Göğüs Hastalıkları Anabilim Dalı Öğretim Üyesi Yrd. Doç. Dr. Onur Yazıcı, akciğer sertleşmesini (pulmoner fibrozis) alveol olarak adlandırılan hava keselerinin duvarlarının çeşitli nedenlerle sertleşmesi ve kalınlaşması sonucu oluşan bir grup akciğer hastalığını tanımladı ve hastalık hakkında bilgi verdi.
Sertleşme ve kalınlaşma sonucu oluşan hasarın alveollerde yara izine benzer bir görünüme neden olduğunu belirten Yazıcı, “Akciğerde bu hasarı başlatan sebepler bazen bulunabilmesine karşın çoğunlukla belirlenemez. İdiyopatik pulmoner fibrozis (İPF) hastalığı da nedeni belli olmayan akciğer sertleşmesi hastalıklarından birisi ve en sık görülenidir. İdiyopatik kelimesi tıp literatüründe nedeni bilinmeyen durumlar için kullanılan bir terimdir.” dedi.
Kimlerde İPF gelişir?
İPF hastalarının büyük kısmı 50 yaşın üzerindedir. Elli yaşın altında İPF görülmesi görece daha nadirdir. Erkekler kadınlara göre bu hastalığa daha fazla yakalanmaktadır. Bununla birlikte kadınların bu hastalığa yakalanma oranının yıllar içinde arttığı gözlenmektedir. Bazen İPF aynı ailenin üyelerinde gözükebilir. İPF hastalarının %90'da sigara içme öyküsü vardır. Bunun dışında viral enfeksiyonların, gastro-özofajiyel reflünün ve iş veya çevre ortamında maruz kalınan tozların hastalığın etyolojisinde yer alabileceği düşünülmüş ancak kesin olarak ispatlanamamışlardır.

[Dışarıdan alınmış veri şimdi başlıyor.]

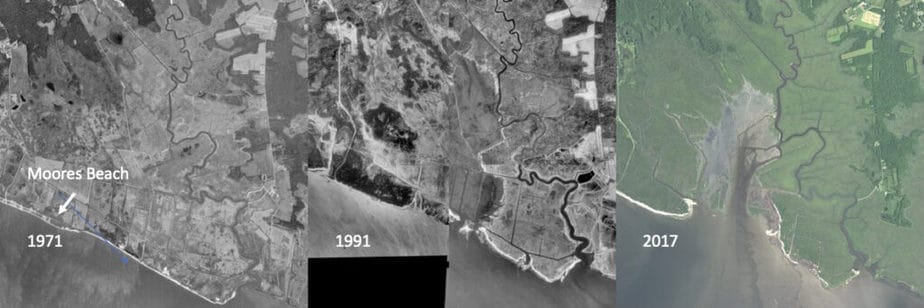 Three aerial photos taken in 1971, 1991, and 2017 show the relatively rapid destruction of beach and marsh at Cox Meadow on Delaware Bay caused by the abandonment of salt hay farm dikes without any response.

İPF hastalarında belirtiler nelerdir?
İPF hastalarında hastalığın erken döneminde herhangi bir belirti olmayabilir veya kişi kendisinde başlayan şikayetleri yaşının ilerlemesine bağlayarak önemsemeyebilir. Bu hastalarda en sık görülen belirtiler kuru öksürük ve eforla gelişen nefes darlığıdır. Bu şikayetler başlangıçta hafif şiddette olabileceği gibi hastalık ilerlediğinde hastanın konforunu önemli ölçüde bozacak düzeye gelebilir. Kişi üstünü giyinip çıkarırken veya banyo yaparken bile belirgin nefes darlığı hissedebilir. Bu şikayetlerden başka hastalarda halsizlik, güçsüzlük, iştahsızlık, kilo kaybı ve parmaklarda çomaklaşma da görülebilir.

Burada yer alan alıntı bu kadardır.